No me gusta reconocerla, y, aunque a veces me lo han señalado, prefiero no verla. Porque, cuando la encontrás, advertís sólo tus defectos. Ese espejo nunca me resulta favorable, porque cuando uno tiene un estilo es que ya no puede escribir de otra manera.
Hace poco señaló que en verdad nunca había sido amigo de Ernesto Sábato...
Sábato publicaba mucho en "El Escarabajo de Oro", por eso se creyó que mi amistad con él era profunda o que había durado mucho tiempo, pero en realidad se circunscribe a los '60. Pero desde los '70 hasta ahora he vuelto a hablar con él unas cinco veces. Y desde entonces estamos muy distanciados, sobre todo por cuestiones de carácter. Siempre fue muy difícil hacer que él aceptara críticas, y por otra parte, yo siempre fui muy frontal.

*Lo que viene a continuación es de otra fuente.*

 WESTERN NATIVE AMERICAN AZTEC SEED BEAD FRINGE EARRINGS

¿Cómo es eso de que no se siente escritor?
Es que para mí, la literatura no es un atributo, es mi ser; forma una parte de eso que soy. No soy un escritor profesional, hay ciertos destinos que no admiten la expresión "profesional".

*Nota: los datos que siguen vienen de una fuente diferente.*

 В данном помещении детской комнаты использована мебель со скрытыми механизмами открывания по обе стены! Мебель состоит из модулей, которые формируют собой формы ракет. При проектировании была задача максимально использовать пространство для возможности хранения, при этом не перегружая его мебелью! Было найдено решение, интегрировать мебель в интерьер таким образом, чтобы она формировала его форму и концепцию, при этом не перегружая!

¿Renunció a muchas cosas por la literatura?
No fueron renuncias, sino elecciones.
¿No tener hijos, por ejemplo?
Vengo de un matrimonio de padres separados. Hoy eso es norma pero en los '40 no; recuerdo haber oído que un chico le decía a otro: "A ése se le fue la vieja". Sin dudas eso creó en mí una relación particular con la paternidad. Siempre tuve mucho cuidado al plantearme ese tema, porque creo que la paternidad es algo que se merece, no algo que se hace. No estoy seguro de haber merecido mi propia paternidad. Alcanzar ese nivel de generosidad, de cariño con el otro como el que mi padre tuvo conmigo es difícil. Yo soy una persona egoísta, llena de miedos. Quizás hubiera sido un padre sobreprotector. Así que... elegí una vida más tranquila.
No se trata de temor. Es como si un escritor estuviera toda la vida buscando eso: tener reconocimiento, ciertos premios. Pero el día en que eso sucede es una sensación dual: la de haber llegado a un lugar que cuando eras joven considerabas ilusorio, porque amabas el canon de tus escritores favoritos. Pero cuando te acercás a ese canon, aparece esa especie de temor. Al mismo tiempo si alguien señala que ya pertenecés al canon, uno siente que te están corriendo de lugar, que te tienen un nicho preparado, que ahora vienen los demás. Y a mí me parece perfecto que vengan los nuevos, tengo la experiencia de haber sido joven, y hasta diría que por demasiado tiempo. Pero ser un clásico es petrificarse, y obviamente no quiero que me suceda eso. Por otra parte, estoy seguro de que no me va a suceder, porque pienso seguir molestando a la gente hasta después de muerto. Nací para eso.